Les trois voix convoquées accusent cependant divers soucis. Le ténor Paolo Fanale est assurément bien chantant [lire notre chronique du 2 mars 2013], mais ne semble guère à son avantage dans cette partie qui le montre tendu, dur même, étroit, quand elle appelle souplesse et clarté. De même le baryton-basse Alex Esposito arbore-t-il l’idéale couleur vocale (le seul des trois à qui Berlioz confie une incarnation, en fait), un fort gracieux phrasé et un moelleux confondant, mais son français n’égale ni son italien ni son allemand [lire notre critique du DVD Die Zauberflöte]. Enfin, on retrouve le jeune mezzo Marianne Crebassa, applaudie maintes fois [lire, entre autre, nos chroniques du 10 août 2014 et du 11 juillet 2012], mais sans le plaisir habituel : le haut-médium se gonfle dangereusement, l’aigu plafonne, le vibrato destabilise la projection ; on en conclut une méforme passagère de l’artiste.
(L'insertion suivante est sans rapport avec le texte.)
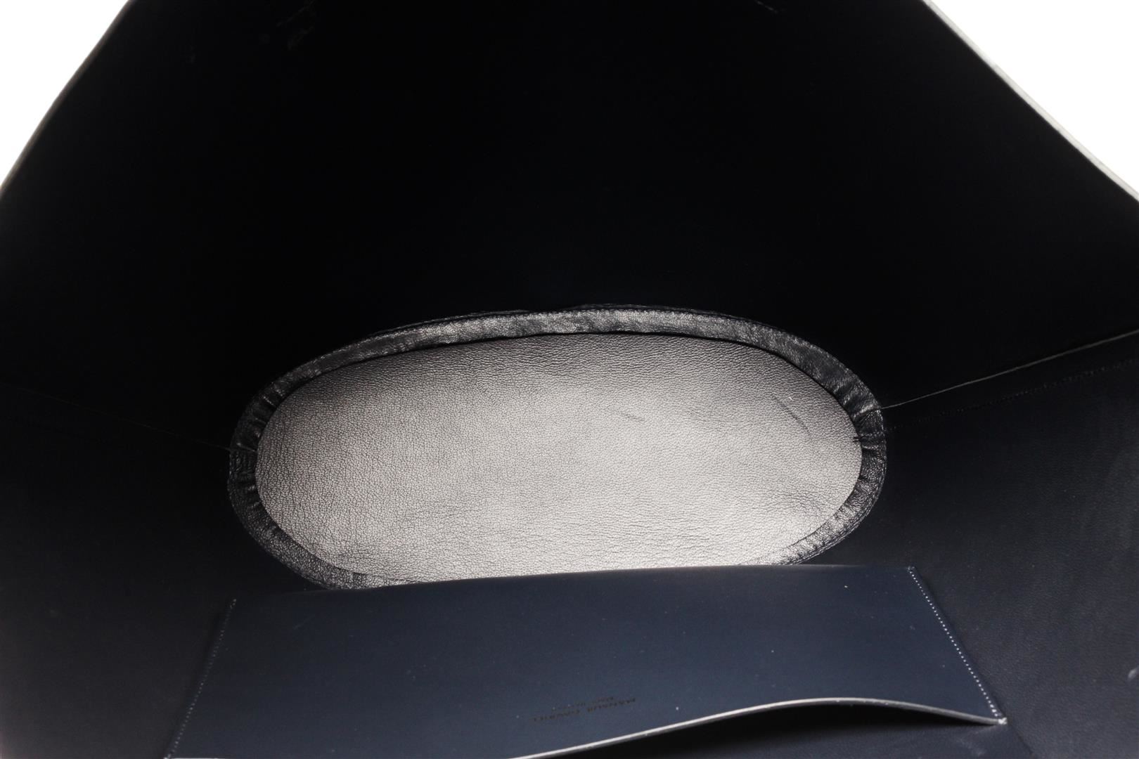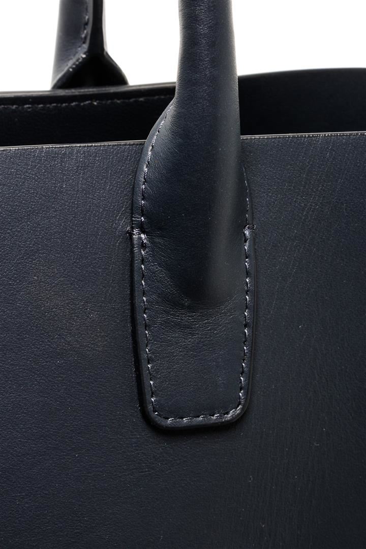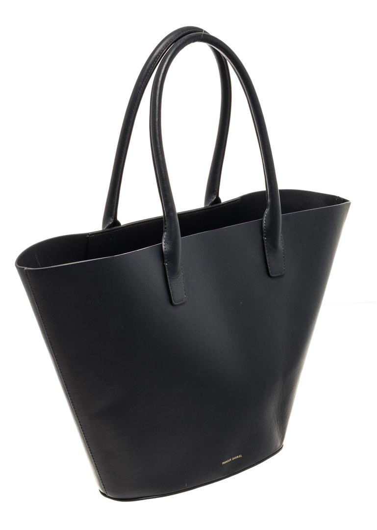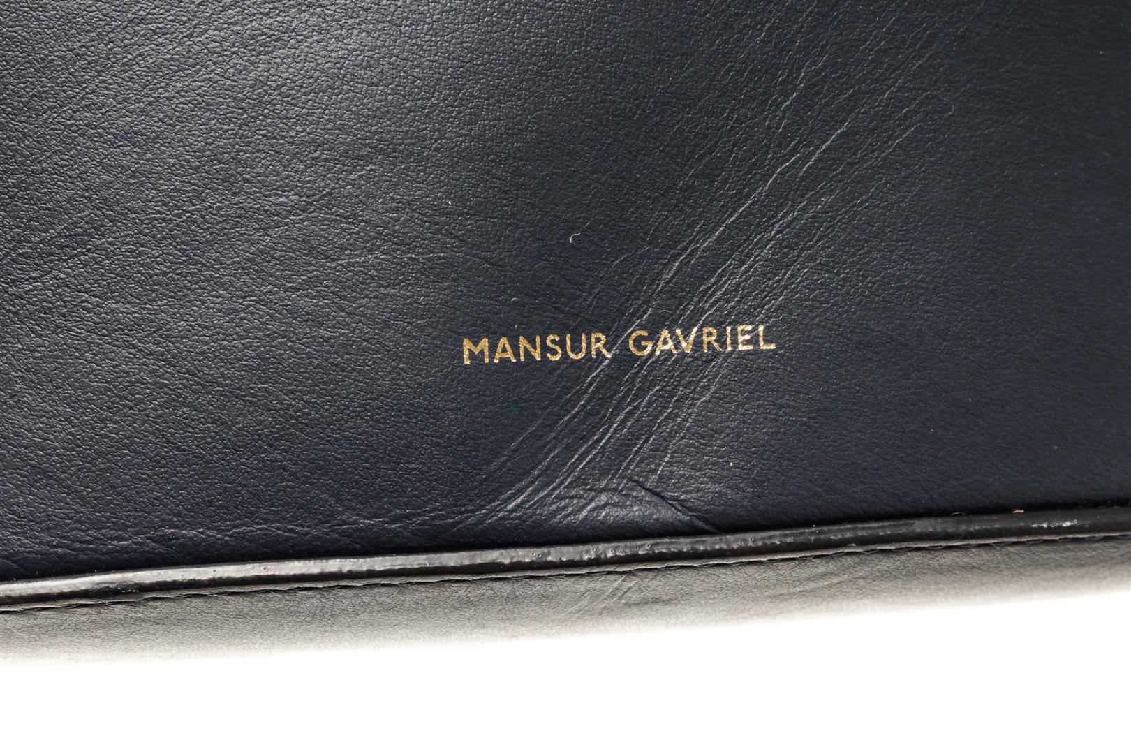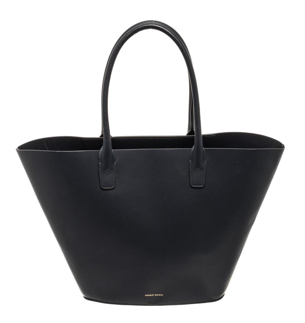 Mansur Gavriel Navy Blue Leather Triangle Handbag. All available information is listed in the description and shown in the photos. Mansur Gavriel Navy Blue Leather Triangle Handbag with Red Leather Interior, Inside Slip Pocket, Dual Leather Top Handles, and an Open Top. .
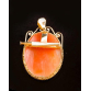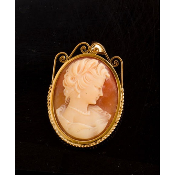 PINGENTE BROCHE EM OURO 14K COM CAMAFEU DE CONCHA.PESO 8,3 GRAMAS MEDINDO 4CM X 2,6CM.

Cela dit, voilà qui ne ternit pas un concert où le chœur fait merveille – recueillement irrésistible de la fin du premier épisode, aus der Ferne du troisième, amère sérénité de la réconciliation finale… Après un chromatisme moins probant qu’il y a quelques jours au Festival Berlioz par le London Symphony Orchestra [lire notre chronique du 30 août 2014], l’emphase du II atteint une lumière radieuse, dignement rehaussée par un solo de hautbois proprement exquis, survolant des triolets dont la stricte exactitude échappe à toute scansion. L’élan du bal gagne un enthousiasme vertigineux, tragique. À peine émettra-t-on une réserve quant au copieux étirement du milieu de la Scène d’amour (III). Comme du bout des doigts s’effectue la ciselure pianississimo du Scherzo, savoureux, laissant s’exprimer les cors dans une chaleur heureuse. Le Convoi funèbre – « d’une beauté austère », affirme Pierre-René Serna [in Berlioz de B à Z, Van de Velde, 2006] – surgit de ces profondeurs même vers lesquelles il avance, doloroso, s’épanouissant en une saisissante déploration. Au théâtre contrasté (cette troublante écriture du silence…) de la sixième séquence succède un final énergique, un rien bruyant d’abord, noblement consolateur ensuite (Serment de réconciliation).

Daniele Gatti aime-t-il Berlioz ? Nous ne le saurions affirmer, mais sommes certains d’aimer Berlioz par Gatti.